Observational constraints on Cosmic Reionization

Abstract

The epoch of reionization (EoR) is the last unexplored phase of cosmic evolution, corresponding to a crucial era in cosmic structure formation -- the formation of the first luminous objects. We review recent data that have set the first observational constraints on the EoR. These observations paint an interesting picture: spectroscopic studies of Gunn-Peterson (GP) absorption, and related phenomena, suggest a qualitative change in the state of the intergalactic medium (IGM) at z \sim 6, indicating a rapid increase in the neutral fraction of the IGM, from x_{HI} < 10^{-4} at z \le 5.5, to x_{HI} > 10^{-3}, and perhaps as high as 0.1, at z \ge 6. The IGM characteristics at this epoch are consistent with the end of the `percolation' stage of reionization.
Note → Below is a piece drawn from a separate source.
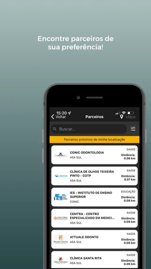 Busca de parceiros através do geolocalizador, filtragem personalizada para as buscas de empresas parceiras, acesso ao cartão virtual para utilizar os descontos, acesso a notícias e além do SAC para atendimento.

On the other hand, transmission spikes in the GP trough, and observations of the evolution of the \lya galaxy luminosity function indicate x_{HI} < 50% at z\sim 6.5. Similarly, the measurement of the large scale polarization of the CMB implies a significant ionization fraction extending to higher redshifts, z \sim 15 to 20. Overall, the current data suggest that reionization is less an event than a process, extended in both time and space, with the process beginning as early as z \sim 20, and with the last vestiges of the neutral IGM extending down to z \sim 6. Current data are consistent with star forming galaxies, in particular low luminosity galaxies, as being the dominant sources of reionizing photons. We also show that low frequency radio telescopes currently under construction should be able to make the first direct measurements of HI 21cm emission from the neutral IGM during the EoR, and that upcoming measurements of secondary CMB temperature anisotropy will provide fine details of the dynamics of the reionized IGM.